The Program on Negotiation at Harvard Law School is pleased to present:
Follow the Science:
Proven Strategies for Reducing Unconscious Bias
A virtual discussion with:
John H. Watson, Jr., Lecturer on Law
Faculty, Program on Negotiation
Harvard Law School
Mediator, Arbitrator, Attorney, Boston Law Collaborative, LLC
Wednesday, April 26, 2023
12:00 pm – 1:00 pm ET (US and Canada)
Free and open to the public.
Click here to access the Zoom registration link.
The session will be recorded. Pending faculty approval, we will post the recording on this page after the session.
About the talk:
Unconscious bias – a set of attitudes and stereotypes that we are unaware of – is ubiquitous and its effects can be pernicious. Some of these attitudes – regarding race, gender, class, sexual orientation, and other characteristics – may be the opposite of what we consciously believe but can nonetheless affect our behavior. Biases are particularly problematic for those who are required to be impartial, such as mediators, arbitrators, and judges, and also for lawyers and many other professionals who have an ethical duty to act in an unbiased manner. Fortunately, unconscious bias (sometimes called “implicit bias”) is also malleable. In this presentation, David Hoffman and Helen Winter provide a “user’s guide” to peer-reviewed social psychology research on bias-reduction strategies, with suggestions for how this research can be implemented in everyday life. Their conclusions can also be found in their recent Harvard Negotiation Law Review article, which can be found here.
About the speakers:
David A. Hoffman is the John H. Watson, Jr. Lecturer on Law at Harvard Law School, where he teaches three courses: Mediation; Legal Profession: Collaborative Law; and Diversity and Dispute Resolution. He trains mediators with the Program on Negotiation at Harvard Law School. Hoffman is an attorney, mediator, arbitrator, and founding member of Boston Law Collaborative, LLC, where he handles cases involving family, business, employment, and other disputes. He is past chair of the American Bar Association Section of Dispute Resolution.
Hoffman has published three books including Bringing Peace into the Room (with co-editor Daniel Bowling) and more than 100 articles on law and dispute resolution. Prior to founding Boston Law Collaborative in 2003, Hoffman was a litigation partner at the Boston firm Hill & Barlow where he practiced for 17 years. Before that he served as a law clerk for Judge Stephen G. Breyer on the U.S. Court of Appeals for the First Circuit.
He has received a number of awards for his work as a mediator, including the Lifetime Achievement Award of the American College of Civil Trial Mediators and the D’Alemberte-Raven Award for service in dispute resolution from the ABA. Hoffman has an A.B. from Princeton University, an M.A. from Cornell University, and a J.D. from Harvard Law School where he was an editor of the Harvard Law Review. His TEDx talk about “Lawyers as Peacemakers” can be found here: https://www.youtube.com/watch?v=JKXv1_Sqe_4. Hoffman lives in a cohousing community in Acton, Massachusetts with his wife, Leslie Warner, who is a career coach. They have five adult children, an adolescent cat, and a rescued golden retriever from Serbia.

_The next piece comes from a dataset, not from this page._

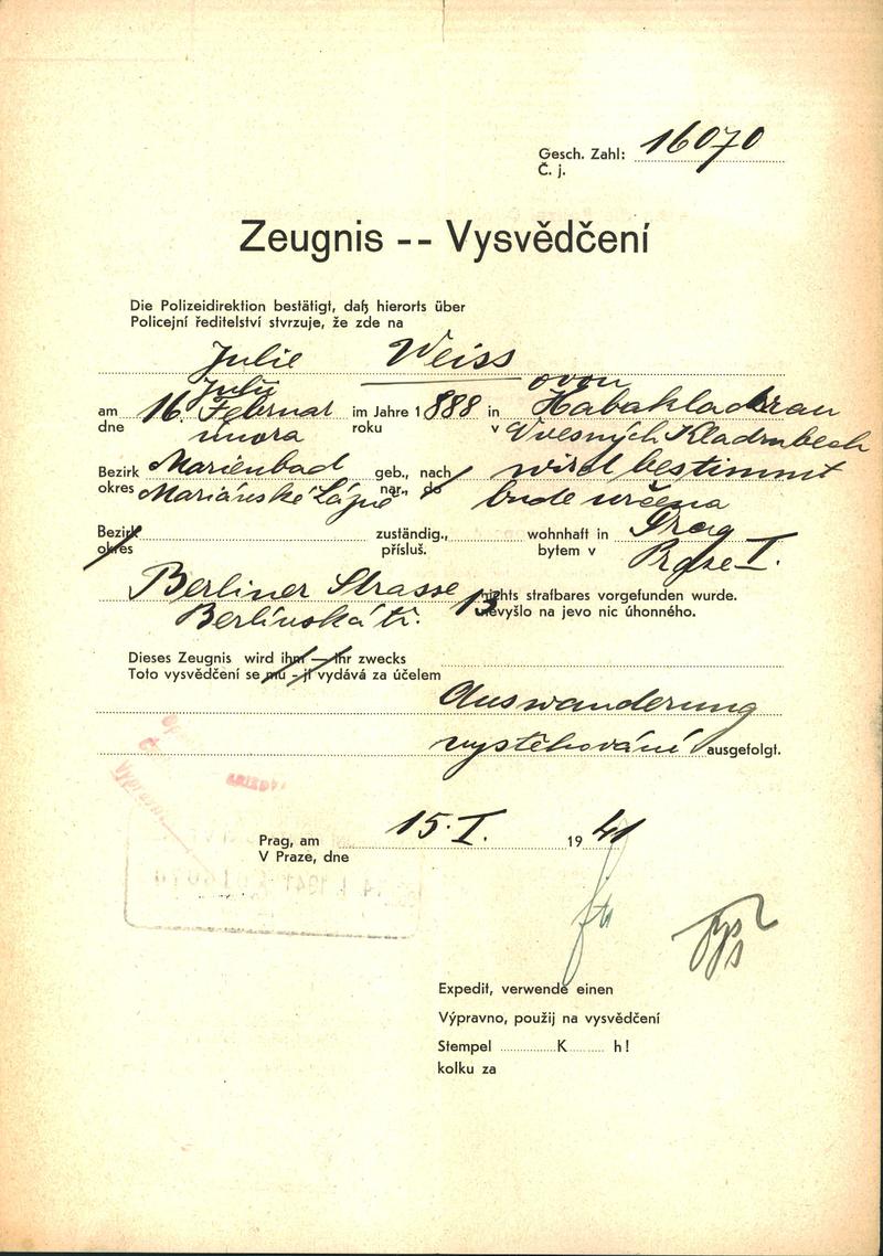 Nationalarchiv Prag > Polizei-Direktion Prag > 1941-1950 > W > Weissová Julie

Helen Winter is a Graduate Research Fellow at the Program on Negotiation at Harvard Law School. Winter is a mediator and founder of the charitable organization R3SOLUTE based in Berlin. R3SOLUTE empowers refugees and locals to manage and prevent conflicts in their communities through dialogue work and peer mediation.
Winter holds a law degree with a focus on International Public Law from Heidelberg University, and an LL.M. with a specialization in Dispute Resolution from Pepperdine University’s Straus Institute. She is pursuing a Ph.D. at European University Viadrina in Germany.
In her own mediation practice, Winter mostly deals with intercultural disputes. Previously, Winter has worked as a mediator with the Los Angeles Superior Court and as a consultant with On Deck Mediation, where her expertise included anti-discrimination and labor law. Additionally, she has worked with the United Nations Office of the Ombudsman and Mediation Services (UNOMS), addressing systemic issues.